The first railroad to provide service to Woonsocket was the Providence and Worcester Railroad. Completed in 1846, the Providence and Worcester was financed by Rhode Island businessmen who were interested in keeping Blackstone River Valley goods flowing through the Port of Providence. Along much of its route, the Providence to Worcester Railroad followed the course of the Blackstone Canal. In Woonsocket, it crossed the Blackstone River just downstream from the Court Street Bridge and entered Depot Square. The P&W's Woonsocket depot was one of the finest on-line stations in New England and made Depot Square the commercial and transportation hub of the city.
In 1849, a second railroad - later known as the New York and New England Railroad - began operations to Boston from from near by Blackstone, Mass. The New York and New England Railroad was built by Blackstone industrialist Welcome Farnum. Farnum, the brother-in-law of Edward Harris, had begun his manufacturing career in the Market Square area of Woonsocket before moving to Blackstone in the 1820's. By 1854, his New York and New England Railroad ran from Boston through Blackstone all the way to New York.
While the New York & New England Railroad passed through nearby Blackstone, the Providence & Worcester Railroad enjoyed a monopoly in Woonsocket until 1863 when the Airline Railroad began service between Woonsocket and Boston. Although it was originally planned for the Airline to continue all the way to New York, it was never extended beyond Pascoaq and Harrisville. Eventually, all three of these railroads (Providence & Worcester, New York & New England and Airline) fell into the hands of banking and railroad magnet J. P. Morgan. By the turn of the century, Morgan, through his New York, New Haven and Hartford Railroad, enjoyed monopoly control over most of the rail traffic in southern New England.
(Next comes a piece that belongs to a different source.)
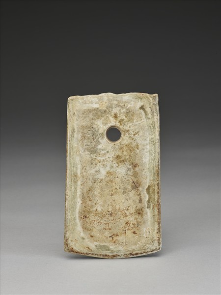 白色斑灰,有整齊的層層紋理。幾近長方形,中型,器體扁平,表面拋磨光滑;平頂,頂緣保留製作崩傷狀;器兩側幾近垂直而下;平刃略弧,中鋒(雙面刃),刃線模糊,刃部鈍厚,刃緣銳利,有一些細傷;一孔較小,兩面對鑽,孔壁旋紋細而清楚,中間有一交會凸稜。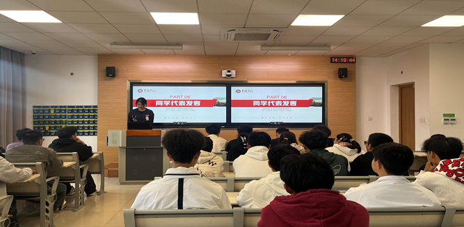 班委部署结束后,学生代表李美欣上台发言,她以“个人与集体共成长”为主题,从“我们每个人能为班级做些什么”的实际角度出发,向同学们提出了“上课认真听讲、主动帮助学习有困难的同学、积极参与班级活动、自觉维护班级荣誉”等行动建议。随后,她代表全班同学作出庄严承诺:“我们必将严格遵守班级公约,以高度的责任感对待集体事务,勤学笃行、互帮互助,不辜负学院领导和班主任的期望,用实际行动为将 2025 级机器人工程 1 班建设成为名副其实的优秀班集体贡献自己的全部力量!” 她铿锵有力的话语,不仅道出了全体同学的共同心声,更展现出同学们为班级建设全力以赴的坚定决心,赢得了现场阵阵掌声。

While Morgan was consolidating his control over railroads in southern New England, Charles Hayes was attempting to establish a rail connection from Montreal to an ice free port in the US. This would allow goods to travel in and out of Montreal when the St. Lawrence Seaway froze in the winter. Using the Central Vermont Railroad as a base, Hayes planned a line through Woonsocket on the way to Providence. He planned eventually to extend the line to Boston and New York.
The Grand Trunk Line, as it would be called, would be a high speed line featuring 40 mile per hour minimum speeds and a complete absence of grade crossings. Unfortunately, on a return trip from a meeting with London bankers, Hayes was killed when the ship he was on, the Titanic, struck an iceberg and sank. Construction of the Grand Trunk line began in 1912 in spite of Mr. Hayes' death and continued on and off until 1915 when the project was finally abandoned. While the line was 70% complete, not a single mile of track was laid.